Head has thought about it, drawing loose but thought-out plans for the first year and beyond. He and his wife plan to fix up their home in Scott and sell it, and build a home on now-forested land north of Lafayette.

Then, after all the honey-dos are done, he’ll look into starting a business he can run himself. “I’m too young to just sit down. And you can’t fish every day.”

Both men have plenty of stories, funny and tragic. Both have vivid recollections of coming upon their first fatality.

For Head, it was in 1980 and within a week of when he started to patrol alone. A woman driving at Moss and Mudd streets was “T-boned” by another car on her passenger side.

“Back then nobody wore seat belts,” Head said, “and it threw her across the car. She broke her neck on the passenger-side door. Her head was hung at a perfect 90-degree angle.”

He said it’s a very humbling, and eye-opening experience “when you get there and watch somebody take their last breath and there’s nothing you can do.”

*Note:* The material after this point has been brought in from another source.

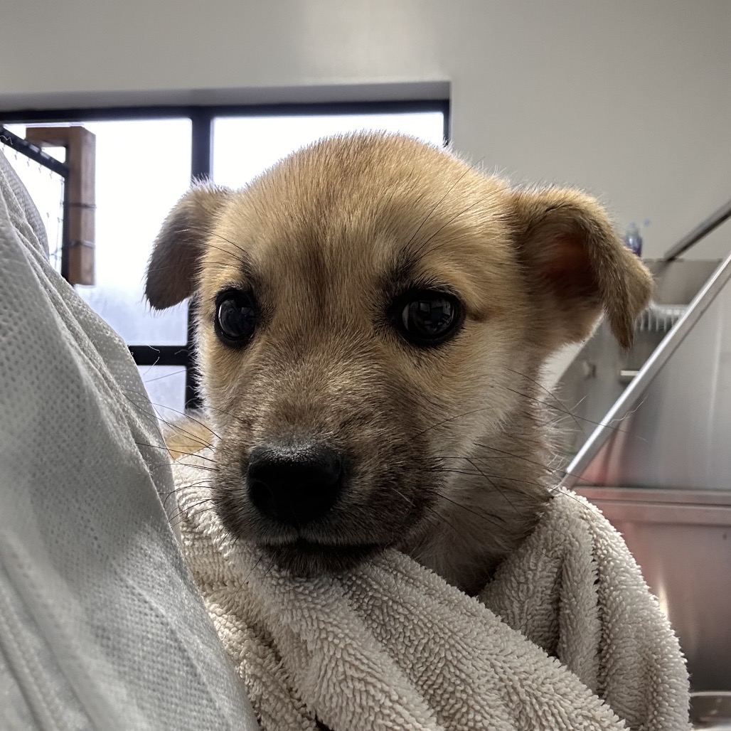 I’m just a happy puppy who’s still a little shy, but every day I’m coming out of my shell more and more. Even though I haven’t been in my foster home very long, I already love playing with my big foster brother — he’s teaching me that the world is a fun and safe place.
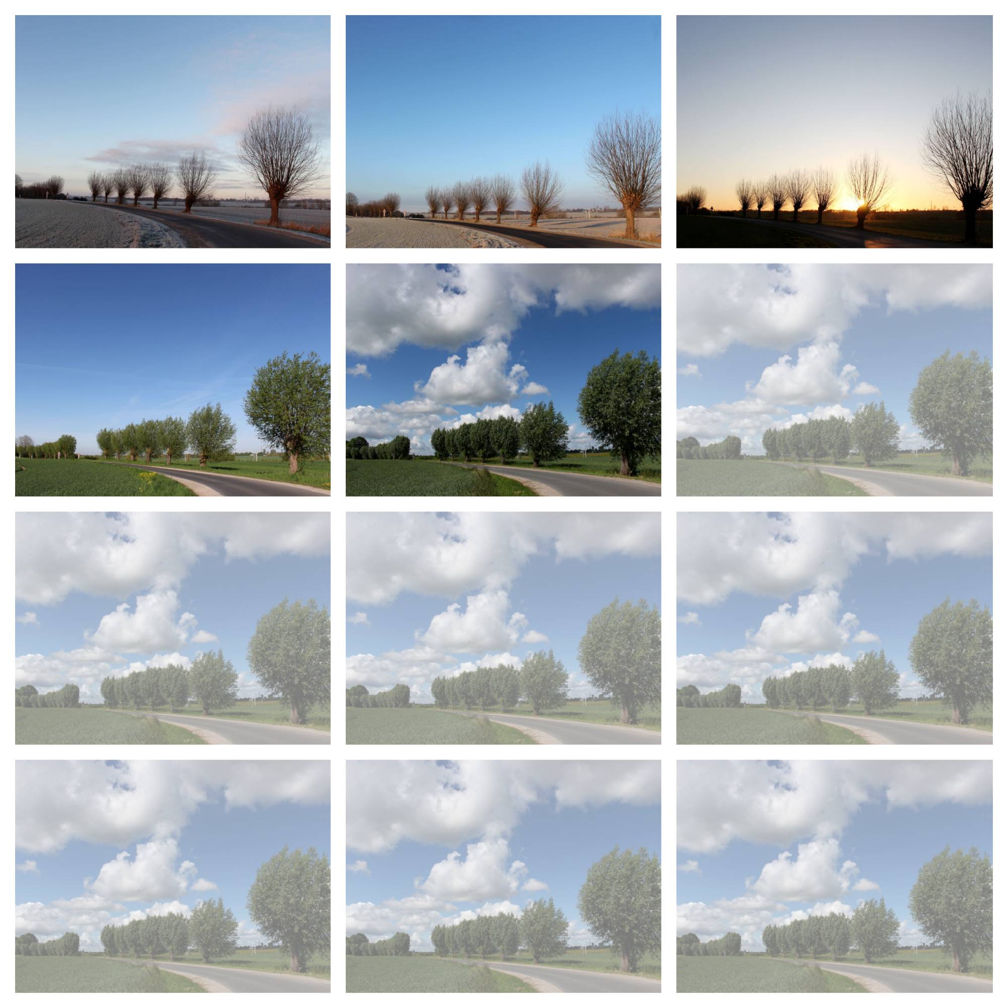 Ein Teil der Aktion ist es, die Bilder in eine Collage zu packen. So sieht man auf einen Blick, was sich verändert hat. Immer wieder spannend! Ich wollte dieses Jahr einen Spot, der viel Veränderung zeigt. Ich denke, mein Vorhaben läuft ganz gut. Bäume und Felder sind dabei ein ganz dankbares Motiv.

Head also recalled the first time he had the wrenching task of informing a family that a loved one had been killed.

“It was a middle-aged couple and their daughter had been killed in Texas,” Head said.

The woman was traveling to Lafayette with her husband to tell her parents she was pregnant. But an accident on a Texas highway took her life.

Vincent, too, remembers his first fatality. It was 1981 and along a then-two-laned Kaliste Saloom Road that had big ditches on both sides. A female pedestrian had been hit and police couldn’t find her, until Vincent located the body in the ditch.

He remembers the first homicide he worked as a detective. A drunk man walking on St. Antoine Street was found on a Thursday beaten to death.

Three days later, Vincent and other detectives arrested four men in the case.

“They tried to rob him, and they beat him with a crow bar,” Vincent said.

Both men also agree on the biggest case to hit Lafayette during their tenure: the murder of Michaela “Mickey” Shunick and the hunt for her killer, Brandon Lavergne, who is serving two life sentences in the Louisiana State Penitentiary at Angola.

The case drew worldwide attention. Hundreds of people joined he search for the missing 22-year-old University of Louisiana at Lafayette student.

After Shunick disappeared in May 2012 and the days stretched into doubt that she’d be found alive, investigators drew up a profile of a killer who was a serial offender.

“We knew we were chasing one homicide, and the feelings were we knew there’s more out there,” Head said. “We just need to get to this guy, take him down and find out where the rest of the bodies are.”

After Lavergne was captured, he confessed to Shunick’s murder and also to the murder of Lisa Pate in 1999.

Vincent said he and his detectives also believed there would be more victims linked to Lavergne. So far that has not happened.

“In this particular case, we felt we would have,” Vincent said. “But nothing has surfaced that connects him.”

Replacing Head as commander of the patrol division will be Capt. Ted Vincent, who is Randy Vincent’s younger brother. Randy Vincent’s desk will be occupied by Capt. Ned Fowler. Ted Vincent and Fowler will become majors.

Police Chief Jim Craft said Head is known for his talent in running a large department, arresting drunken drivers and for his work on a police motorcycle.

Craft said Vincent turned heads early in his career as a detective, racking up some of the highest major-crime clearance rates in the department.

Maj. Ned Ewing heads up the department’s third division, the Special Services Division. Ewing has put off retirement until 2015.